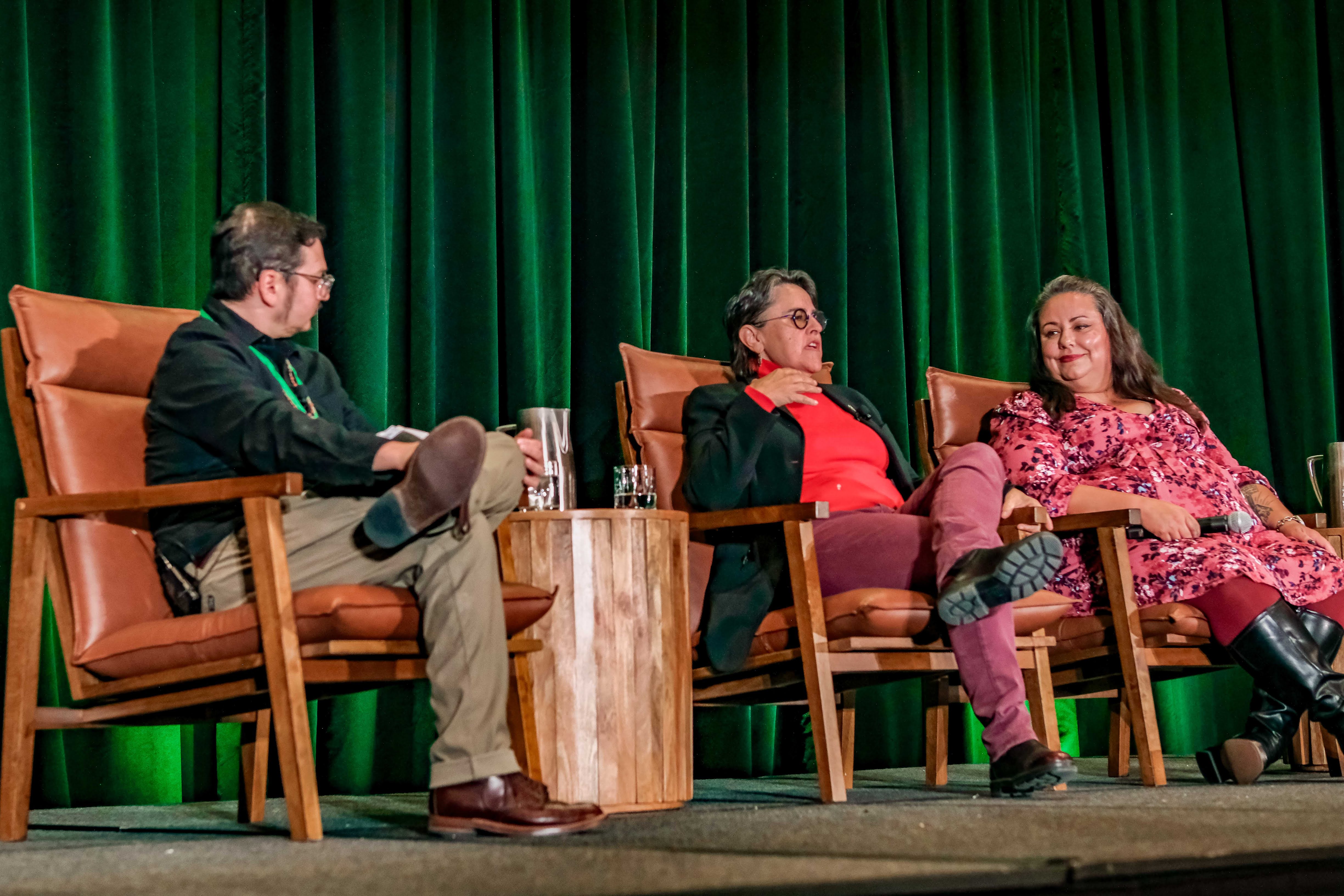 [From left to right: Louis Gordon, EGA Board Vice Chair and Program Director at the Seventh Generation Fund for Indigenous Peoples, Camilla Bustamante, Santa Fe County Commissioner and Andrea Serrano, Executive Director of OLÉ (Organizers in the Land of Enchantment)]
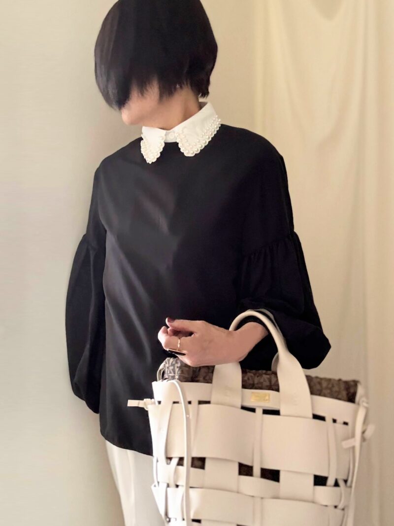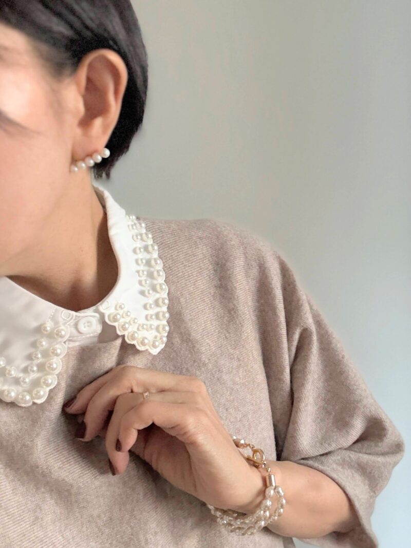 下半身はおじ靴におじパンツでメンズライク。でも上半身はパールの飾り衿+パールアクセサリーで逆に女らしく。このMIXコーデのさじ加減よ。端正感!・・・・好み!(*´▽`*)
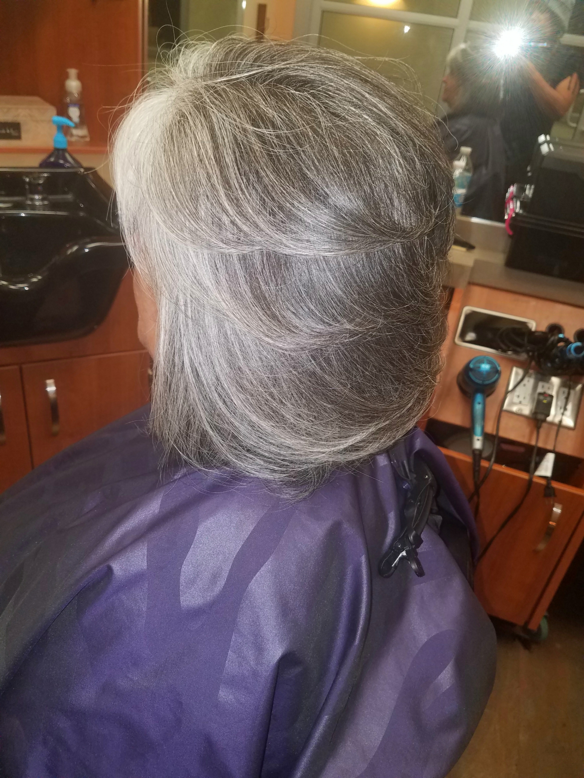 Who says gray hair can’t be fashionable. I cut and blowdried her hair last week.
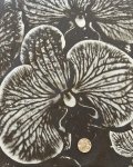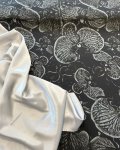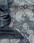 100% Cotton, 60" Wide, Made in Italy. This is Ghost Orchid, a cotton shirting with large scale monochrome orchids on a dark background.
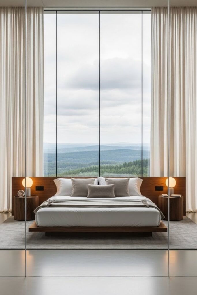 The bedrooms stay visually connected to nature, making waking up and resting feel more immersive. This idea suits luxury homes that prioritize views without sacrificing comfort.
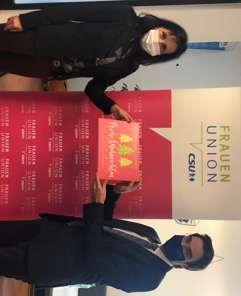Die Kreisvorsitzende Schiffmann hat sich sogar persönlich auf dem Weg gemacht, um den CSU-Kreisvorsitzenden Stephan Oetzinger den adventlichen Gruß in seinem Büro zu übergeben sowie ihrer Vorgängerin und FU-Ehrenkreisvorsitzenden Sieglinde Schärtl in Döllnitz – das alles mit Abstand und Maske.
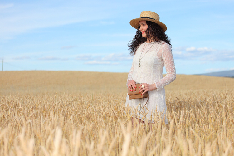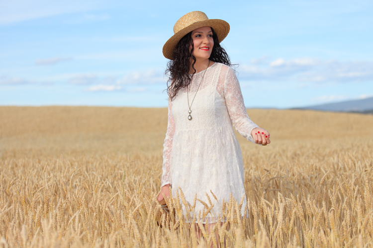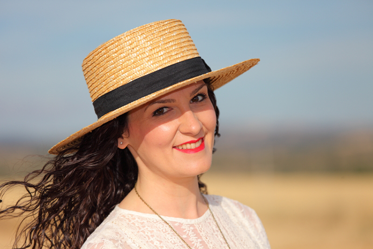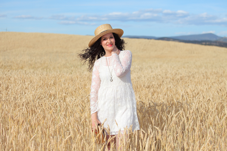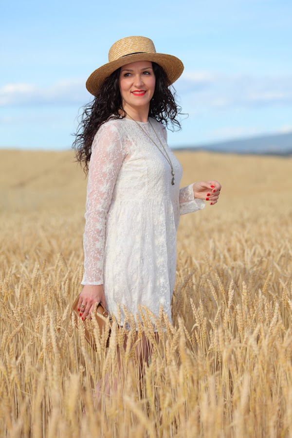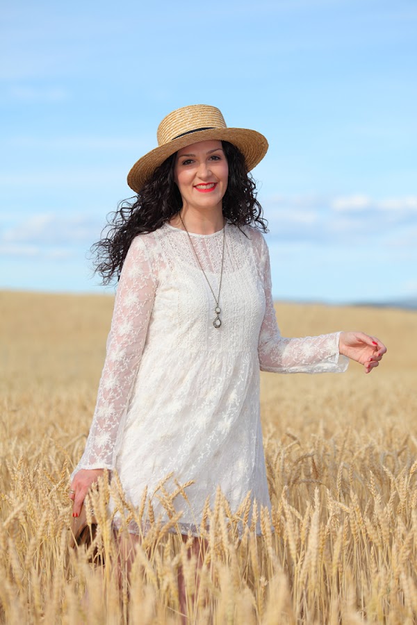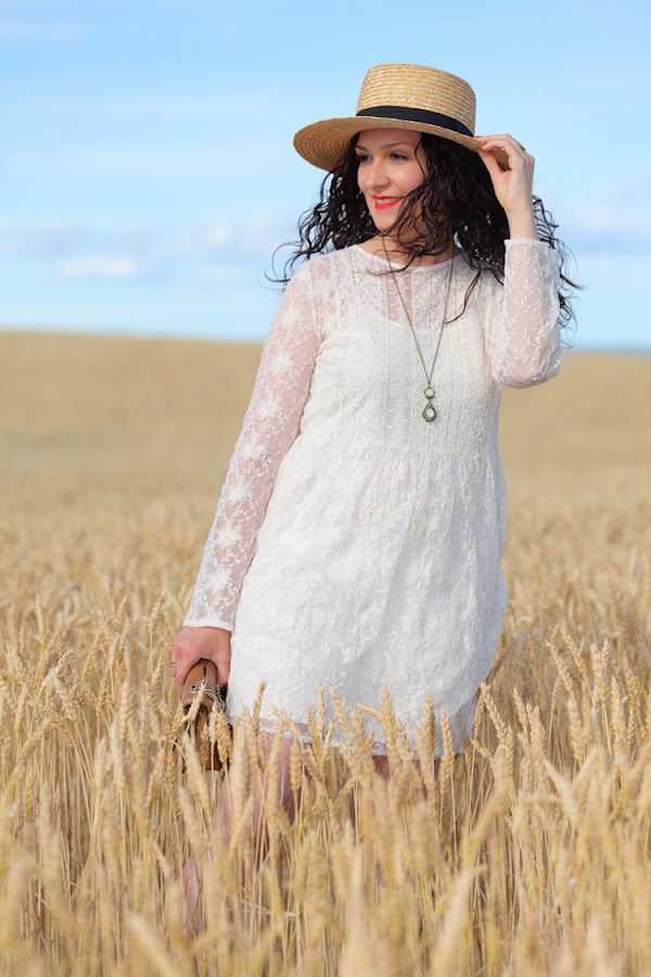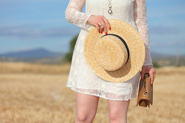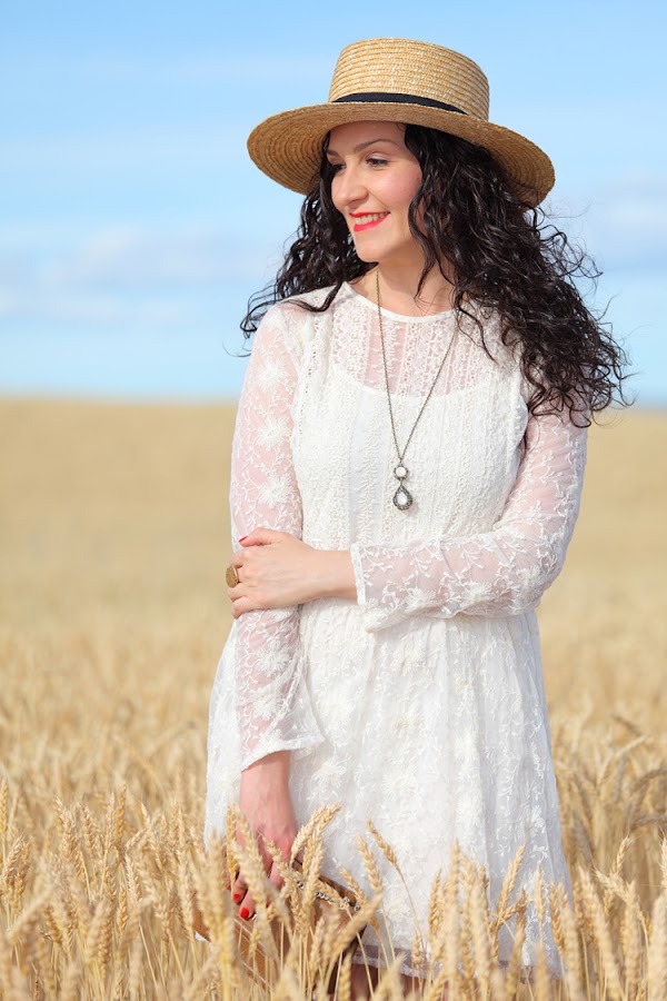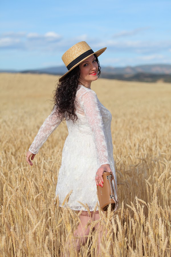 Las fotos de hoy ya entran a formar parte de mis preferidas desde que tengo el blog. Con un precioso vestido de encaje acompañado de un canotier, una puesta de sol idílica y un campo de trigo, tenemos como resultado un look romántico que parecía predestinado para unirse y regalarnos unas fotos tan bonitas.
● ● ● ●
= Task item =
Once the line with "下半身はおじ靴におじパンツで" is found above, print it and every line after it through the line with "a dark background.", exactly. Pictures stay out.

= Your response =
 下半身はおじ靴におじパンツでメンズライク。でも上半身はパールの飾り衿+パールアクセサリーで逆に女らしく。このMIXコーデのさじ加減よ。端正感!・・・・好み!(*´▽`*)
 Who says gray hair can’t be fashionable. I cut and blowdried her hair last week.
 100% Cotton, 60" Wide, Made in Italy. This is Ghost Orchid, a cotton shirting with large scale monochrome orchids on a dark background.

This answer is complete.